Cartwheel eliminates wait time for mental health support at schools
The startup just closed its $20M Series A to expand telehealth service to new school districts
U.S. schools these days are battling youth crises on multiple fronts: social media addiction, obsession with gender identity largely fueled by the schools themselves and the decline in learning largely for public schools that were shut down due to the pandemic. All these have intensified mental health issues. The crisis is swelling at a massive rate: in 2021, 42% of students felt persistently sad or hopeless and 22% considered attempting suicide.
Unfortunately, school psychologists and counselors remain scarce and face burnout, with only 8% of districts meeting the recommended ratio of one psychologist to 500 students. Yet there are ventures aimed at lessening the mental health crisis and shortening that teen-to-help distance. Cartwheel is among them.
This week, Cambridge-based Cartwheel announced it raised $20 million in Series A funding to expand its network to hundreds of thousands of new students.
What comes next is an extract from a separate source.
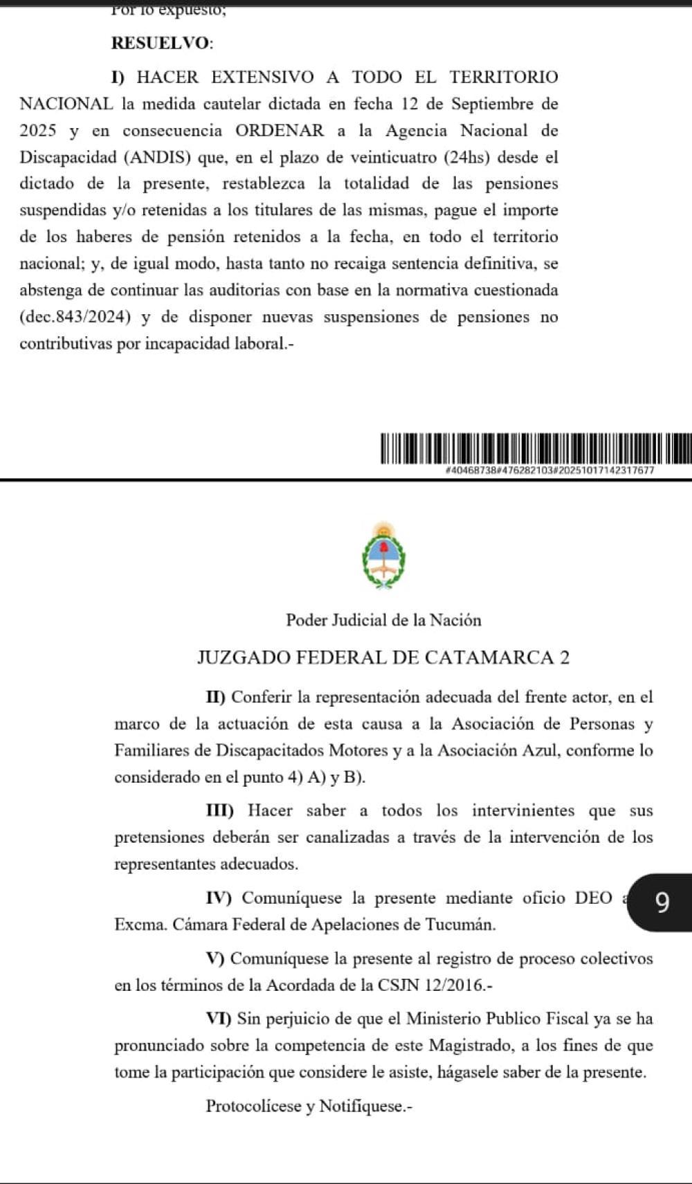 La Justicia Federal de Catamarca, en virtud de la causa incoada bajo Expediente Nro. 13578 / 2025 caratulado: Defensor del Pueblo y Otros contra la ANDIS sobre una Acción de Amparo en trámite ante este Tribunal, se dictó la siguiente resolución: "HACER EXTENSIVO A TODO EL TERRITORIO NACIONAL la medida cautelar dictada en fecha 12 de Septiembre de 2025 y en consecuencia ORDENAR a la Agencia Nacional de Discapacidad (ANDIS) que, en el plazo de veinticuatro (24hs) desde el dictado de la presente, restablezca la totalidad de las pensiones suspendidas y/o retenidas a los titulares de las mismas, pague el importe de los haberes de pensión retenidos a la fecha, en todo el territorio nacional; y, de igual modo, hasta tanto no recaiga sentencia definitiva, se abstenga de continuar las auditorias con base en la normativa cuestionada (dec.843/2024) y de disponer nuevas suspensiones de pensiones no contributivas por incapacidad laboral.-

To date, that brings the startup's total funding to $24 million.
The new round was led by high-growth sector investor Menlo Ventures in California, with participating Reach Capital, a San Francisco-based VC backing education startups, plus repeat investors General Catalyst, BoxGroup, and health and wellness investment fund Able Partners.
Operating since 2022, Cartwheel partners with schools and provides mental telehealth support for the school community without wait time. Once a school counselor refers a student for clinical mental health service, Cartwheel connects him or her with a licensed therapist or child psychiatrist within seven days, no waitlist involved. These services are accessible year-round to all students under family insurance.
Cartwheel employs a three-tier support approach: universal, targeted, and intensive. The first involves skill-building workshops, professional development, and prevention for school staff and families; the second is clinical consultations and guidance for school staff; the third is direct care to students via telehealth, which includes therapy and medication.
The screening tools and treatments Cartwheel uses are evidence-based and are fit to treat a wide range of conditions. These include anxiety, depression, anger, grief, low self-esteem, self-harm, identity, trauma, sleep and social issues, and more.
"By combining funding from school districts and health insurers, we've helped superintendents ensure the long-term financial sustainability of these services," Daniel Tartakovsky, the co-founder and COO of Cartwheel and previously a mental health policy advisor to the U.S. Surgeon General, said in a statement Tuesday.
Currently serving more than 50 schools in Massachusetts, New York, Connecticut, Illinois, and Rhode Island, Cartwheel said the new capital will help it reach new students in current service areas, as well as districts in new states.
Tartakovsky added: "We believe our model will become a blueprint for districts across the country on how to build a long-term school-community partnership, especially as school budgets tighten with the expiration of federal COVID relief dollars."
Menlo Ventures’ Greg Yap said in a release: "It is incredibly tough to be a kid today, and mental health is a critical issue for our youth and our future. We led this investment in Cartwheel because by working directly with schools, Cartwheel enables earlier intervention, improves student and family engagement throughout care, and supports better coordination among the trusted adults in a student's life.”